● **EXERCISE GOAL**: From the first line to the last, copy the material exactly and leave the pictures out.

● **SUPPLIED DATA**:

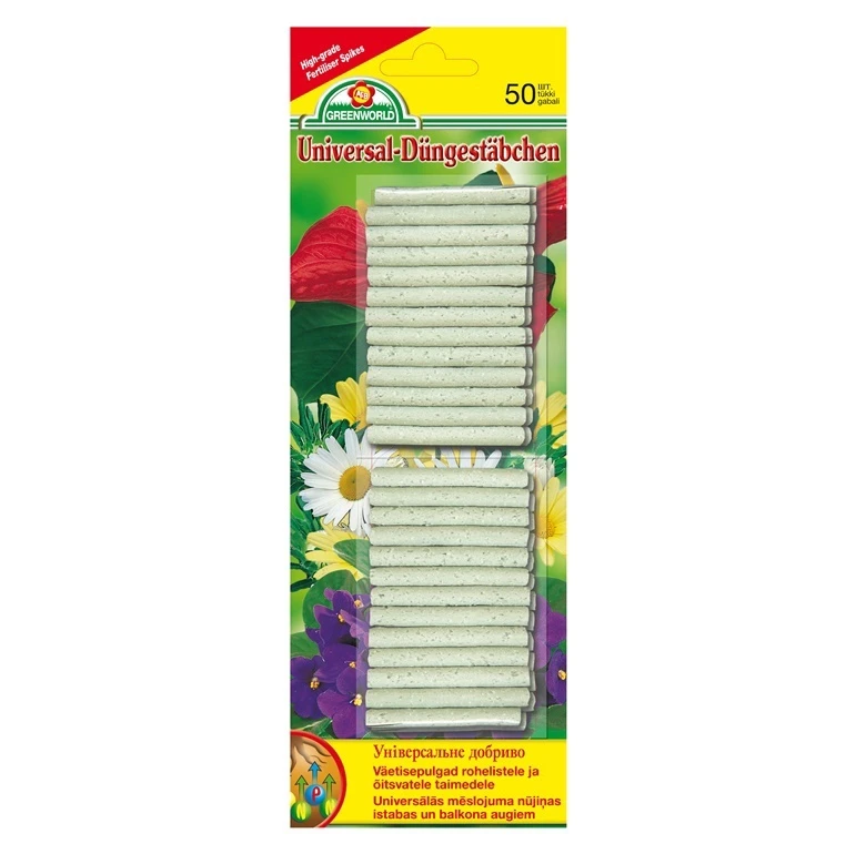 Ilgstošas iedarbības (līdz 3 mēnešiem) mēslojuma nūjiņas zaļajiem un ziedošajiem augiem. Šīs nūjiņas nodrošinās augus ar nepieciešamajām minerālvielām, stiprinās sakņu sistēmu un palīdzēs aizsargāt augu no slimībām. Veicina augšanu, piešķir lapām spilgti zaļu krāsas niansi, veicina bagātīgu ziedpumpuru veidošanos.
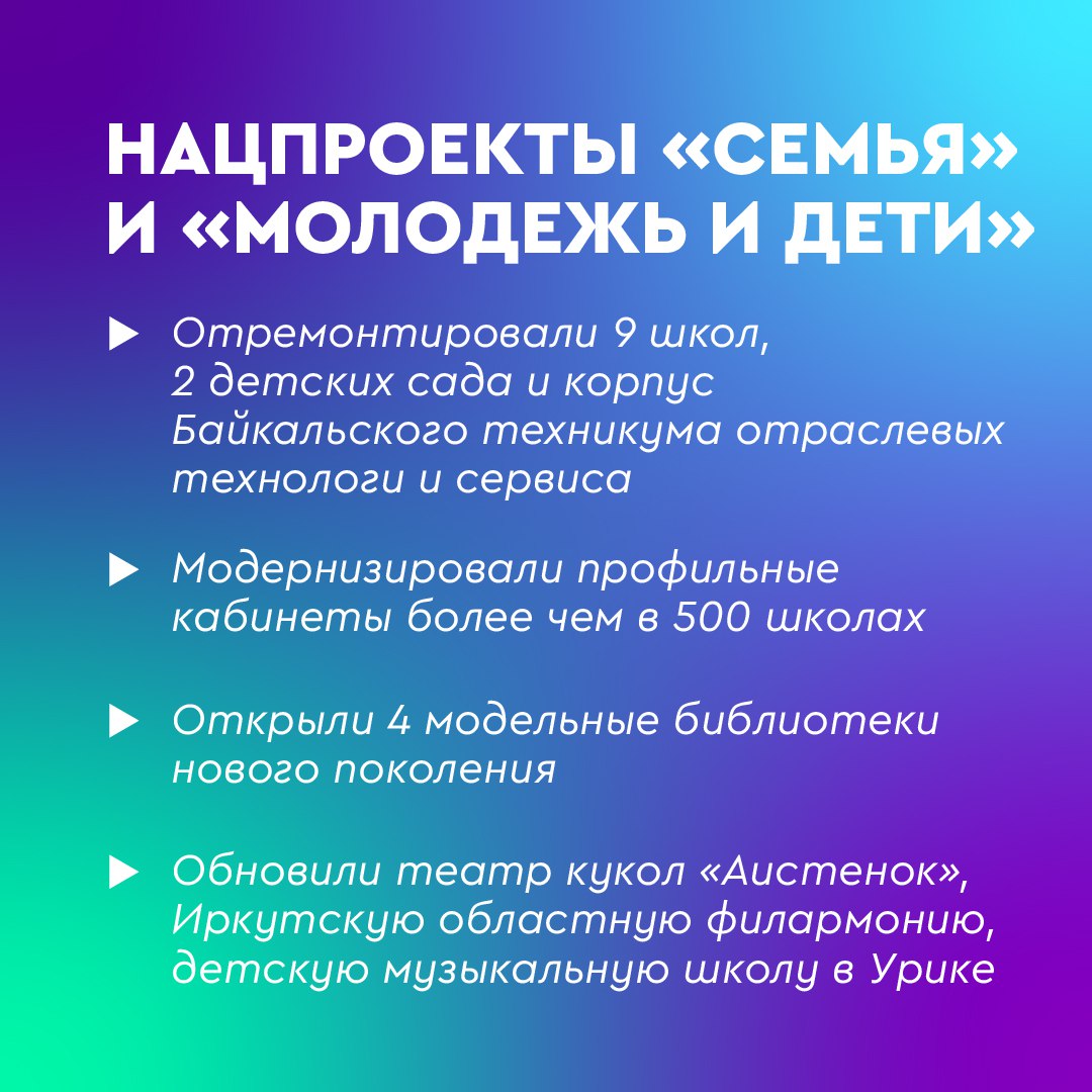 На встрече с министром здравоохранения Михаилом Мурашко обсуждалось строительство новых поликлиник в Хомутово, Маркова и Усть-Ордынском, а также завершение работ в радиологическом корпусе областного онкодиспансера. С представителями минпросвещения – Андреем Николаевым и Александром Бугаевым – рассмотрели вопросы финансирования капремонтов и строительства школ, в том числе в микрорайоне Союз Иркутска и в Маркова, а также участие региона в программе по развитию детских оздоровительных учреждений.
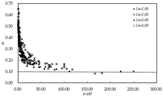 The m values are plotted against e/ΔH for different values of l/a in Figure 5. In particular, the combined orifice-weir flow with e/ΔH < 10 results in higher m values. Compared with a classic broad-crested weir and a waterways experiment station (WES) weir, which are commonly used in water conservancy projects as discharge weirs, the discharge area of the combined orifice-weir is larger for a given weir height under submerged conditions. A negative power-function relationship exists between m and e/ΔH, and the values of l/a have little effect on the m values. The value of m decreases significantly with a slight increase in e/ΔH values if e/ΔH < 100. The effect of small ΔH values on m is evident. A larger ΔH value is required to obtain a high m value in actual situations. As shown in Figure 4, the range of m decreases as the value of e/ΔH increases, and the value of m gradually stabilizes at high values of e/ΔH. If m is close to 0.1, the discharge coefficient values tend to plot along a horizontal line, which means that e/ΔH has no significant effect on m.

● **RESULT OF THIS TASK**:
 Ilgstošas iedarbības (līdz 3 mēnešiem) mēslojuma nūjiņas zaļajiem un ziedošajiem augiem. Šīs nūjiņas nodrošinās augus ar nepieciešamajām minerālvielām, stiprinās sakņu sistēmu un palīdzēs aizsargāt augu no slimībām. Veicina augšanu, piešķir lapām spilgti zaļu krāsas niansi, veicina bagātīgu ziedpumpuru veidošanos.
 На встрече с министром здравоохранения Михаилом Мурашко обсуждалось строительство новых поликлиник в Хомутово, Маркова и Усть-Ордынском, а также завершение работ в радиологическом корпусе областного онкодиспансера. С представителями минпросвещения – Андреем Николаевым и Александром Бугаевым – рассмотрели вопросы финансирования капремонтов и строительства школ, в том числе в микрорайоне Союз Иркутска и в Маркова, а также участие региона в программе по развитию детских оздоровительных учреждений.
 The m values are plotted against e/ΔH for different values of l/a in Figure 5. In particular, the combined orifice-weir flow with e/ΔH < 10 results in higher m values. Compared with a classic broad-crested weir and a waterways experiment station (WES) weir, which are commonly used in water conservancy projects as discharge weirs, the discharge area of the combined orifice-weir is larger for a given weir height under submerged conditions. A negative power-function relationship exists between m and e/ΔH, and the values of l/a have little effect on the m values. The value of m decreases significantly with a slight increase in e/ΔH values if e/ΔH < 100. The effect of small ΔH values on m is evident. A larger ΔH value is required to obtain a high m value in actual situations. As shown in Figure 4, the range of m decreases as the value of e/ΔH increases, and the value of m gradually stabilizes at high values of e/ΔH. If m is close to 0.1, the discharge coefficient values tend to plot along a horizontal line, which means that e/ΔH has no significant effect on m.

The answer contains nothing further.